## INPUT DATA:
****************
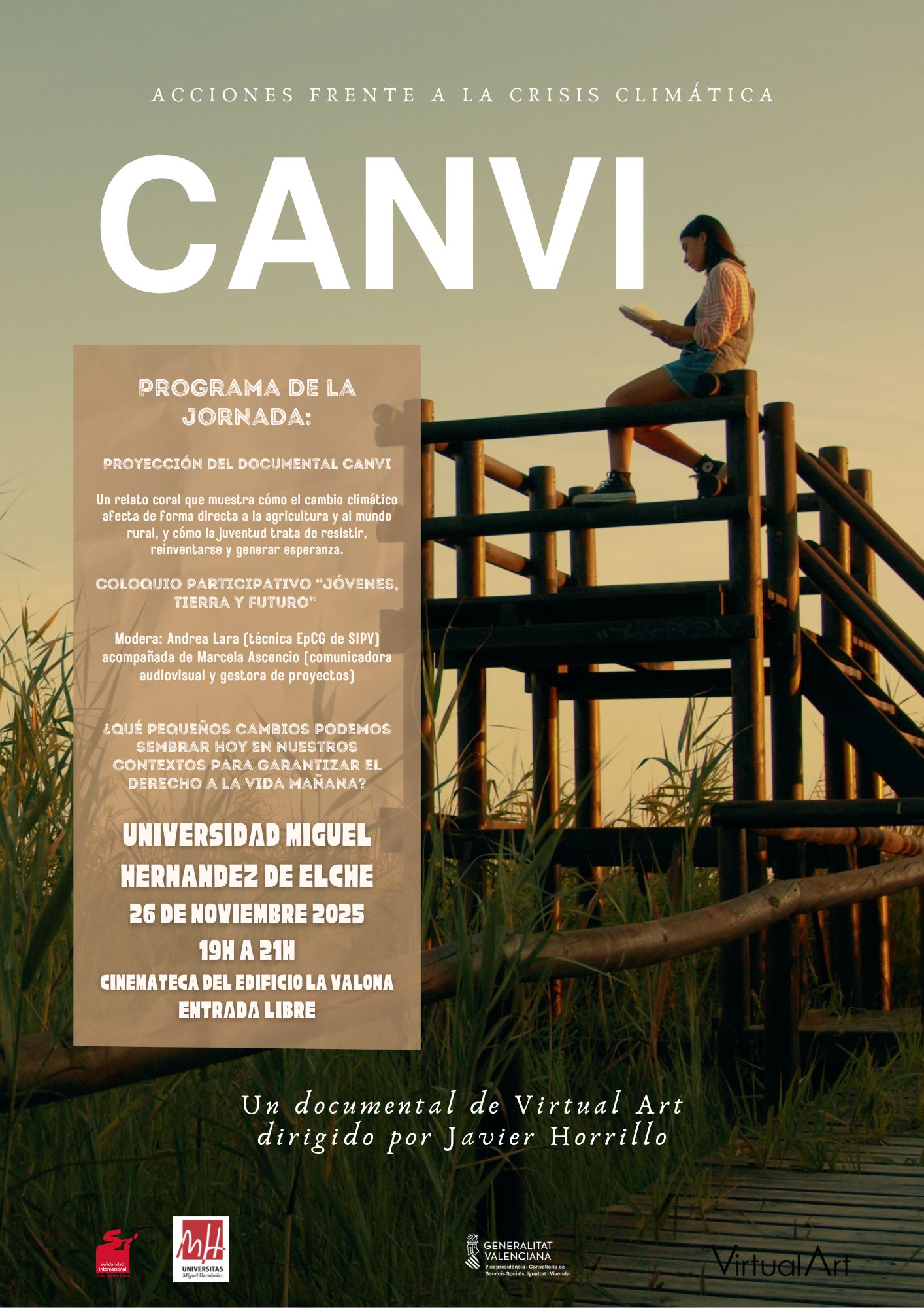 El Vicerectorat de Cultura, Igualtat i Diversitat de la Universitat Miguel Hernández d’Elx ha posat en marxa el Club de Cine – UMH, un lloc de trobada de persones especialistes en el sèptim art el proper dimecres, 26 de novembre, a les 19:00 hores, a la Cinemateca de l’edifici La Valona del campus d’Elx. En aquesta ocasió es presenta el documental Canvi, de Javier Horrillo.
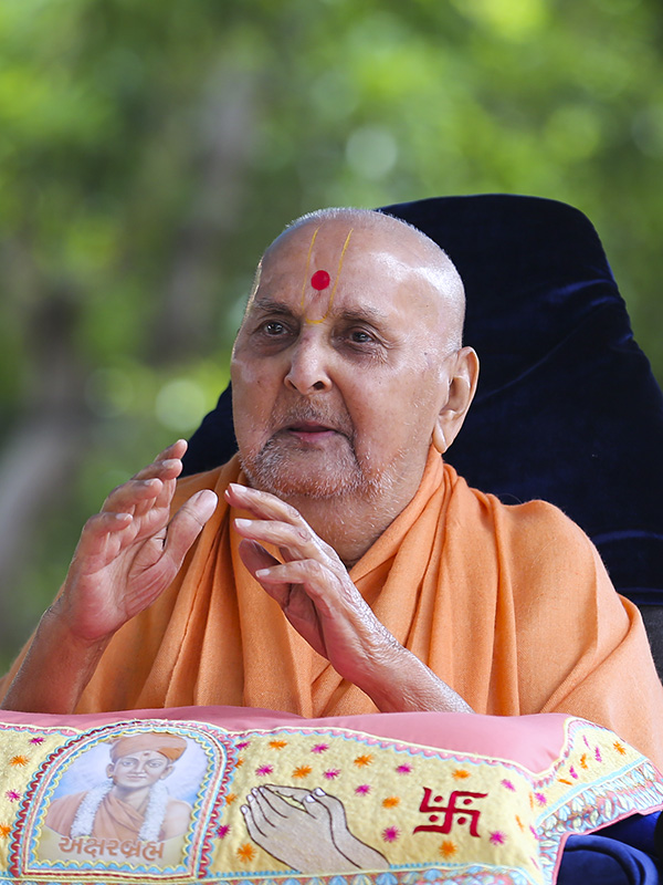 Swamishri greets devotees with 'Jai Swaminarayan'
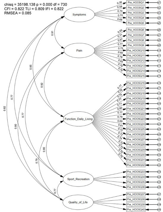 Despite the current use of the HOOS (e.g., approved outcome measure for reimbursement purposes following THA), complete and robust psychometric analysis of the scale in a large dataset of patients for which the scale is designed has not been performed. As such, there is a need to conduct a CFA on the full scale to test the hypothesized factor structure of the 40-item HOOS to ensure that the items are appropriate indirect measures of the hypothesized latent constructs in a large, targeted sample of patients seeking care for the hip (e.g., THA) [
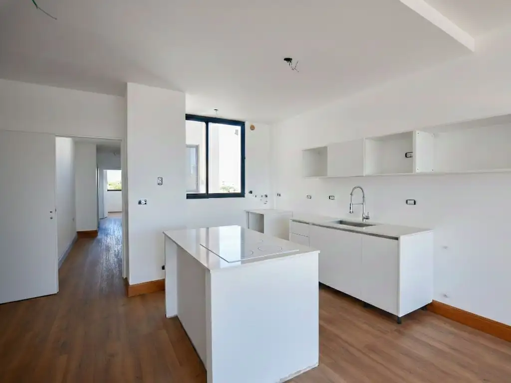 El área social compone de un amplio living comedor al frente con puertas ventanas con doble vidrio, que dan acceso al balcón, cocina integrada con muebles bajo y sobre mesada, isla con anafe y horno eléctrico, espacio de lavadero, caldera eléctrica dual, y un toilette. Griferías marca FV, monocomando en cocina y lavadero.-
****************
## WORK TASK:
Only the lines from the one with "Despite the current" through the end of the listing above should be output, exactly as written and with no pictures.

## EXERCISE ANSWER:
 Despite the current use of the HOOS (e.g., approved outcome measure for reimbursement purposes following THA), complete and robust psychometric analysis of the scale in a large dataset of patients for which the scale is designed has not been performed. As such, there is a need to conduct a CFA on the full scale to test the hypothesized factor structure of the 40-item HOOS to ensure that the items are appropriate indirect measures of the hypothesized latent constructs in a large, targeted sample of patients seeking care for the hip (e.g., THA) [
 El área social compone de un amplio living comedor al frente con puertas ventanas con doble vidrio, que dan acceso al balcón, cocina integrada con muebles bajo y sobre mesada, isla con anafe y horno eléctrico, espacio de lavadero, caldera eléctrica dual, y un toilette. Griferías marca FV, monocomando en cocina y lavadero.-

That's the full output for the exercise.